StylusLit

March 2018

Back to Issue 3

Sarah Holland-Batt in conversation with Rosanna Licari

 

Photo by Juno Gemes.

1. When did you realise you wanted to concentrate on writing poetry? It was after studying music, isn’t that so?

Yes, I’d been studying classical piano intensely with a view to possibly pursuing that as a career when I encountered poetry for the first time. This was in the United States, when I was in high school, and the poets I first read were all American: Whitman, Dickinson, Frost, cummings, Stevens, Eliot. I was first attracted to the cadence of poetic language, which seemed quite musical to me; meaning was initially a secondary concern.  Reading Eliot in particular was a transformative experience; I understood intuitively that the structures of his long poems—The Waste Land, Four Quartets—were musical ones, like the movements of a concerto or symphony. His polyvocality was fugal. I could see from Eliot the way in which musical structures translated into language. I read all the poetry I could get my hands on; I started writing poetry around the same time.  

2. How do you set about writing a poem? Do you rely on inspiration or do you have a project or theme in mind?

I rarely have a project per se; I tend to write when I have real motivation to do so, when there’s a meaningful idea or experience I want to convey. I’m not very prolific and I don’t mind that. I do tend to have some idea of why I’m writing a poem, though; I think you can end up with a pretty wishy-washy sort of poem if you have no idea why you’re writing it in the first place. But the poem’s purpose and central idea should always evolve during the writing process; I think it’s equally a mistake to try and write exactly the poem you set out to do as it is to write without any discernible sense of purpose. There’s a balance.

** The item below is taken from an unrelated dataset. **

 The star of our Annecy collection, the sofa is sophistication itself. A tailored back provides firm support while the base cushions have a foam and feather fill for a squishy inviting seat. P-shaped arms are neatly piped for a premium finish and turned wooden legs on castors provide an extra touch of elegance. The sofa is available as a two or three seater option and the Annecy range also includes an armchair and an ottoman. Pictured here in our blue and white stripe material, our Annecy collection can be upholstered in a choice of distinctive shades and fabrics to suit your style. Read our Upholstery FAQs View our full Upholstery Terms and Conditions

3. Your collection, The Hazards, won the 2016 Prime Minister’s Literary Award for poetry; can you tell us about that?

It was a fantastic surprise, especially given the other books on the shortlist; I was really pleased to be in that august company, and thrilled that The Hazards won. More generally, I think it’s significant that there’s generous recognition of Australian literature at the federal level in the form of the Prime Minister’s Literary Awards. These kinds of awards have the capacity to attract new readers to the shortlisted and winning books, too. They serve an important function.

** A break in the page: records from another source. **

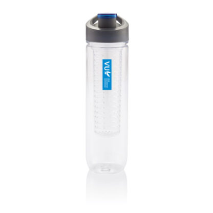 800ml tritan fles met fruit infuser compartiment. Geef water volop vitaminen en smaak door vers fruit toe te voegen in het compartiment, dat ook als koelelement gebruikt kan worden door ijsklontjes toe te voegen. Richtprijs bij 250 stuks: 8,00 per stuk ex btw. Levertijd ca. 2 weken. U kunt met de knop rechts in het scherm uw offerte aanvragen. Deze ontvangt u binnen 24 uur.
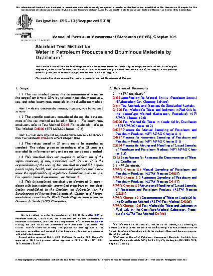 1.1 This test method covers the determination of water in the range from 0 % to 25 % by volume in petroleum products, tars, and other bituminous materials by the distillation method.
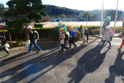 緑の帽子の方々は下校の見守りをしてくれているサポーターの方々です。
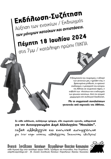 Εκδήλωση-Συζήτηση: Αύξηση των ενοικίων / εκδιωγμός των μόνιμων κατοίκων και αντιστάσεις.
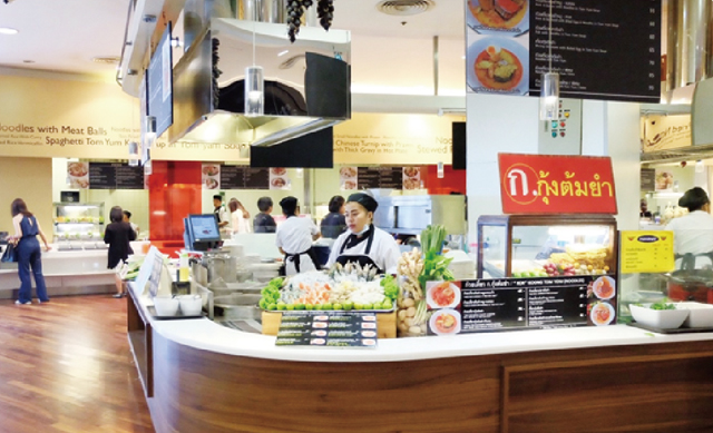 BTSチットロム駅の1番出口から徒歩で10分強。スカイウォークで直結するセントラルワールドの7階のフードコート内にあります。

4. You are the poetry editor of Island and were the poetry editor for The Best Australian Poems (Black Inc.) in 2016 and 2017, so you write poetry as well as edit. What are the challenges of writing and editing at the same time?

 I’ve done far more editing the past few years than I have writing; the BAP editorship really is an all-consuming task. Other than instances where editors had requested or commissioned poems from me, I stopped sending out my own work for consideration for the two-year period I was editor, on the grounds that I didn’t want to pose any conflicts of interest. Publishing can tend to be a bit cosy in Australia—most of our poetry editors are also poets, and most everybody knows one another. This is why I primarily seek to publish my new work overseas; I’d rather be published by someone who doesn’t know me than by someone who does. In that sense I try to keep my editing duties separate from the publication of my own poems as much as possible.

5. Poetry publication is very competitive. What do you look for in a submission?

Island is a magazine of ideas and culture, rather than a specialist literary journal, so I love it when I find poems in my submissions inbox that speak to a broad audience and engage with topical ideas or news (without being didactic or evangelical, of course). As a rule, I don’t publish long poems because I don’t have the page space. But there are exceptions to these generalities, of course; really, I’m looking for arresting poems on any subject and in any form.

6. Have you got a project in mind in future?

Yes, I’m working on a novel at present, and a new book of poems.

7. Finally, what do you do when you get writer’s block? What’s your cure? 

I don’t worry too much about writer’s block; I only write when I feel really motivated to. I tend to be drawn to the work of poets who write and publish judiciously, too. I read far more than I write. And if I’m stuck, there are always other projects and commitments waiting on my desk.